** HOW TO COMPLETE THIS TASK **
Only the lines below starting at the one that contains "14489. Parti metall" and ending at the one that contains "Kaiserreich. Napoleon I." are to be reproduced, exactly and with both ends kept.
*** SOURCE MATERIAL Section Begins ***
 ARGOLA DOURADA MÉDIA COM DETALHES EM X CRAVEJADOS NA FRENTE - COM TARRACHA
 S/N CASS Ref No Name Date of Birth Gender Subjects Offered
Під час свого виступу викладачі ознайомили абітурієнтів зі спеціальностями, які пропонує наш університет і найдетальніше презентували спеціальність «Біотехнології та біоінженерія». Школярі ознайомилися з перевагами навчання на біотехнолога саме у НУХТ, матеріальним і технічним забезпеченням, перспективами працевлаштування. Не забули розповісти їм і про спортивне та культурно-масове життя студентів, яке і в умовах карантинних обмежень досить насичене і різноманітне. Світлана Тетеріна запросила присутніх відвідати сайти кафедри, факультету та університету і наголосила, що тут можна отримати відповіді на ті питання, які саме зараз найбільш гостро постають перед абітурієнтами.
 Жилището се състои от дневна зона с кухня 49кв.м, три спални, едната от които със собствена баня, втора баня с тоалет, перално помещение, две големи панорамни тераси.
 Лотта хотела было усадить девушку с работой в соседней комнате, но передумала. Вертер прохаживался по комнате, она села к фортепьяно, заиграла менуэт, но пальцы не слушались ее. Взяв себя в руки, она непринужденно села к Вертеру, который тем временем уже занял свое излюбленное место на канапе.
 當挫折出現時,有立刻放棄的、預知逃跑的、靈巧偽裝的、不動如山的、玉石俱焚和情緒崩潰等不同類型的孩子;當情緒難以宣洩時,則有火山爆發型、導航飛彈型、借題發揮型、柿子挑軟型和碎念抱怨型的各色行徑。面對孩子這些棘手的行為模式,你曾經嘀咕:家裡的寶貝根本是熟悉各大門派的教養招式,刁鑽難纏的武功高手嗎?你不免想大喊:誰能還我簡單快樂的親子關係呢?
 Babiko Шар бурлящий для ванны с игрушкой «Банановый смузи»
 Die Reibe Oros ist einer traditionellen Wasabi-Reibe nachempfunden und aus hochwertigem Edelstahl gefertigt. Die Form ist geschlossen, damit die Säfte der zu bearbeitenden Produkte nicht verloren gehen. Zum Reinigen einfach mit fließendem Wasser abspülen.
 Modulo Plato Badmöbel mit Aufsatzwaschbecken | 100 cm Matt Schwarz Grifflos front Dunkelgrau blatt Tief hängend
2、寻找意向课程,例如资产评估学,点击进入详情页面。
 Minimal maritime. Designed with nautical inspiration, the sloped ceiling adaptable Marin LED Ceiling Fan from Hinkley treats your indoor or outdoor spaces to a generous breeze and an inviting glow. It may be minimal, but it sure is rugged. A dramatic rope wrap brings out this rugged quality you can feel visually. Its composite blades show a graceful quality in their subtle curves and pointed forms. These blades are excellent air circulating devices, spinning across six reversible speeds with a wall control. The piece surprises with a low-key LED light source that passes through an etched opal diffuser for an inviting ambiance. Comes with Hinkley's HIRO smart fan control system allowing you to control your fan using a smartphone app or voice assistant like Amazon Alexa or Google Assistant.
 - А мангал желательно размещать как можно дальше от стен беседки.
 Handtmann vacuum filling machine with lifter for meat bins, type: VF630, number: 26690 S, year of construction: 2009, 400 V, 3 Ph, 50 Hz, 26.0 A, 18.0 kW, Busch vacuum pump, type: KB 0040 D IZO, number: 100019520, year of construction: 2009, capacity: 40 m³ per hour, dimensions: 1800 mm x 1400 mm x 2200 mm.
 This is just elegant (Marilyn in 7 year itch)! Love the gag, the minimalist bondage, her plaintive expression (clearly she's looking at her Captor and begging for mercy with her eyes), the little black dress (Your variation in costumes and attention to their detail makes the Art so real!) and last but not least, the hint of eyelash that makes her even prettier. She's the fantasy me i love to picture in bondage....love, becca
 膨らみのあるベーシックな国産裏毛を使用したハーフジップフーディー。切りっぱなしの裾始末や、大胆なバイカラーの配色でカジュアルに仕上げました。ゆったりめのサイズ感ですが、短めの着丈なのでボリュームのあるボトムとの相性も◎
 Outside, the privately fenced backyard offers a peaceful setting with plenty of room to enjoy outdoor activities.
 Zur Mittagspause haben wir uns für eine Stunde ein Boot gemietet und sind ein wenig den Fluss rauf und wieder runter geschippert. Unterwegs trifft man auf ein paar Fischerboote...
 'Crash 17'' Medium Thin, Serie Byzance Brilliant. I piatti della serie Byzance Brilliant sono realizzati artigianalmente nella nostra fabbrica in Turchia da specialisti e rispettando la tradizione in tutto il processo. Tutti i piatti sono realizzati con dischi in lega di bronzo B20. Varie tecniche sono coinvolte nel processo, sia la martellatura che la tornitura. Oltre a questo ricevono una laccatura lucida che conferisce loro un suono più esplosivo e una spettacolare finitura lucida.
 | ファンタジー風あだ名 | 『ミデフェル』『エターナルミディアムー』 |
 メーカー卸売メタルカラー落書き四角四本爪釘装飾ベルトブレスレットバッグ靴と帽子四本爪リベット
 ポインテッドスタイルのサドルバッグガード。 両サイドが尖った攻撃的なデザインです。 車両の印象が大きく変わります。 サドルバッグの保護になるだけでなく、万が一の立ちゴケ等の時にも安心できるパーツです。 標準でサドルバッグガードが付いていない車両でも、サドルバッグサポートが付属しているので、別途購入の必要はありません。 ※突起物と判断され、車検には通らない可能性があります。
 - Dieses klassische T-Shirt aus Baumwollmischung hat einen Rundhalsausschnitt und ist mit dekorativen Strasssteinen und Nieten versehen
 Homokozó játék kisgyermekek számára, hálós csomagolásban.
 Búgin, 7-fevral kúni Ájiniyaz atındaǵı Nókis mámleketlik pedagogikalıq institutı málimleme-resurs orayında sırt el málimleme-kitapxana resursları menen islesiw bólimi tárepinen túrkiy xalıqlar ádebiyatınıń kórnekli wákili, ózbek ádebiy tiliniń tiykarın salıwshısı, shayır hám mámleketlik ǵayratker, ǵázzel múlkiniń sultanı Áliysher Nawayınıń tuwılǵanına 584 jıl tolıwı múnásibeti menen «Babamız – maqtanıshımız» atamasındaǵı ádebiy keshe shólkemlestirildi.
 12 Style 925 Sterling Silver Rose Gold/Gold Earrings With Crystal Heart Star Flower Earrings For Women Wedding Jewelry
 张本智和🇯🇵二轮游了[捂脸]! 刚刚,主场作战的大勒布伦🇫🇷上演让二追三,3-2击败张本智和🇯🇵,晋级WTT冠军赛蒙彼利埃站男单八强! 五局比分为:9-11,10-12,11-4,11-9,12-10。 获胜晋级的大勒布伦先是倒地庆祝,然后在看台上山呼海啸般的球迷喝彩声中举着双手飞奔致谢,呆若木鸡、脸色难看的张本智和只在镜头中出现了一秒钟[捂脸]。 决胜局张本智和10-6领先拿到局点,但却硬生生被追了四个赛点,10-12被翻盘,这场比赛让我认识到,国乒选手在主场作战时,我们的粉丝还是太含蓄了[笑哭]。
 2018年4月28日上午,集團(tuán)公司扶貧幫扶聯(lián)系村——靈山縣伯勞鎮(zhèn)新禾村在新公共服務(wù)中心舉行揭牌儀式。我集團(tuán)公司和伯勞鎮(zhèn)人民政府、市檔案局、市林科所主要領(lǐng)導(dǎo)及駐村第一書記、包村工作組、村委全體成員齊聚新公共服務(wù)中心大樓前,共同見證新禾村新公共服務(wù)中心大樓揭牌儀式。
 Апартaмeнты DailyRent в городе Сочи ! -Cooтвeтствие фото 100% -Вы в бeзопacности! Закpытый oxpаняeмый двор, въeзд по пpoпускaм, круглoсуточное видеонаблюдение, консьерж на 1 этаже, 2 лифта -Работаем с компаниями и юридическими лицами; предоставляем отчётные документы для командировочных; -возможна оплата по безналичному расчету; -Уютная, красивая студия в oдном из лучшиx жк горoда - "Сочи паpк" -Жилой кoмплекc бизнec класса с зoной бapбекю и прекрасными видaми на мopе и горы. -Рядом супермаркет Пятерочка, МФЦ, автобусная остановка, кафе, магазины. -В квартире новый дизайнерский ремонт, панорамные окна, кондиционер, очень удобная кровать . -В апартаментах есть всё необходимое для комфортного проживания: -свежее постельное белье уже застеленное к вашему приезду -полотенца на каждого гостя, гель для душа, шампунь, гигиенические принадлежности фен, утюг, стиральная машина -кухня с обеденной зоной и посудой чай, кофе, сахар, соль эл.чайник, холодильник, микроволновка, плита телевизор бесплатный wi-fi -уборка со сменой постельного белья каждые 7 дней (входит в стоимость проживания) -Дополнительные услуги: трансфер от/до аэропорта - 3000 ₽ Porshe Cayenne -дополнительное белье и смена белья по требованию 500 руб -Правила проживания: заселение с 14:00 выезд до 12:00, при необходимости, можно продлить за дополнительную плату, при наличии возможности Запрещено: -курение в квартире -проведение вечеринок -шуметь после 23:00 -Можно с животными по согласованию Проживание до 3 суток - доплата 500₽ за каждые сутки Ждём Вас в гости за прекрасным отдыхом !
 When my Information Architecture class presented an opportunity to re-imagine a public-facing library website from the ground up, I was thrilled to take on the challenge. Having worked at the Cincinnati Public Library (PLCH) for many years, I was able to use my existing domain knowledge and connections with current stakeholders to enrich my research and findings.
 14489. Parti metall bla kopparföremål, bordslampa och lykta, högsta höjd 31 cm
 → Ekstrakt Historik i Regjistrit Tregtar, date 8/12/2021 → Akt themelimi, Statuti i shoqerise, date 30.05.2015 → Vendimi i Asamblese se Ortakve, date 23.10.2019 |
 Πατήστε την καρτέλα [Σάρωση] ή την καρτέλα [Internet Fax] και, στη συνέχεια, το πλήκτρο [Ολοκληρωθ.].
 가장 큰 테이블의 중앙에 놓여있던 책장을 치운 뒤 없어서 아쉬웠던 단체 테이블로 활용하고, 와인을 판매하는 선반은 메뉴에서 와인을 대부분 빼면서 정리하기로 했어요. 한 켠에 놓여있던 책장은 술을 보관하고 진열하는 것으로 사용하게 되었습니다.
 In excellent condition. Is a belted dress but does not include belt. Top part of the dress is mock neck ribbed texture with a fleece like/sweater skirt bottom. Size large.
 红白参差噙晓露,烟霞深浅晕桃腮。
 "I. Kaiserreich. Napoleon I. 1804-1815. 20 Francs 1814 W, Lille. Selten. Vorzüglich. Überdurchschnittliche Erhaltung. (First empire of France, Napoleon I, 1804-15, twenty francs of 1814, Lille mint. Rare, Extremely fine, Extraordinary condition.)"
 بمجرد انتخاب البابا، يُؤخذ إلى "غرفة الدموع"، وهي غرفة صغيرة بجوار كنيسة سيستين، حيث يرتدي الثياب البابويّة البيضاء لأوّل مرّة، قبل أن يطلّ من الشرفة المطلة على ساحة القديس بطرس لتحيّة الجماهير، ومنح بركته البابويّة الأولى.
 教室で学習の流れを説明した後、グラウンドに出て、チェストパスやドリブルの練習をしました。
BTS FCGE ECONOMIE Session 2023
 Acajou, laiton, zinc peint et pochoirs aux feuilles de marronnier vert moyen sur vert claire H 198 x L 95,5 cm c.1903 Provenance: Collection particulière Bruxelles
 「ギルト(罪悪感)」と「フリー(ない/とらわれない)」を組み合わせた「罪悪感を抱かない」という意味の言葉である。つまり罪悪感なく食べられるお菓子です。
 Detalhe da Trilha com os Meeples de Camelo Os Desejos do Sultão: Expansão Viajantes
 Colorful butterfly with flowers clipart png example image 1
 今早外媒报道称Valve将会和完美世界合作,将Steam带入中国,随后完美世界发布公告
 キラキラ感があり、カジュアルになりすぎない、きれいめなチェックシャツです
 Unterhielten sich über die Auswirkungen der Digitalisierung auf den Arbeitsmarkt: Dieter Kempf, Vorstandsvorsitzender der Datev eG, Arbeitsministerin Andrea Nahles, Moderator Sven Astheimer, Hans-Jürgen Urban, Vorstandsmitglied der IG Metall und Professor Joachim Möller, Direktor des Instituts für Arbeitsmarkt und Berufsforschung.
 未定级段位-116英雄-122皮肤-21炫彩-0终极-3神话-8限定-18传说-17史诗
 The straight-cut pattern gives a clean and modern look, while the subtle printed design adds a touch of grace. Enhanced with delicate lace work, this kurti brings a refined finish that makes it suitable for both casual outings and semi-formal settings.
*** SOURCE MATERIAL Section Ends ***
** FINAL ANSWER **
 14489. Parti metall bla kopparföremål, bordslampa och lykta, högsta höjd 31 cm
 → Ekstrakt Historik i Regjistrit Tregtar, date 8/12/2021 → Akt themelimi, Statuti i shoqerise, date 30.05.2015 → Vendimi i Asamblese se Ortakve, date 23.10.2019 |
 Πατήστε την καρτέλα [Σάρωση] ή την καρτέλα [Internet Fax] και, στη συνέχεια, το πλήκτρο [Ολοκληρωθ.].
 가장 큰 테이블의 중앙에 놓여있던 책장을 치운 뒤 없어서 아쉬웠던 단체 테이블로 활용하고, 와인을 판매하는 선반은 메뉴에서 와인을 대부분 빼면서 정리하기로 했어요. 한 켠에 놓여있던 책장은 술을 보관하고 진열하는 것으로 사용하게 되었습니다.
 In excellent condition. Is a belted dress but does not include belt. Top part of the dress is mock neck ribbed texture with a fleece like/sweater skirt bottom. Size large.
 红白参差噙晓露,烟霞深浅晕桃腮。
 "I. Kaiserreich. Napoleon I. 1804-1815. 20 Francs 1814 W, Lille. Selten. Vorzüglich. Überdurchschnittliche Erhaltung. (First empire of France, Napoleon I, 1804-15, twenty francs of 1814, Lille mint. Rare, Extremely fine, Extraordinary condition.)"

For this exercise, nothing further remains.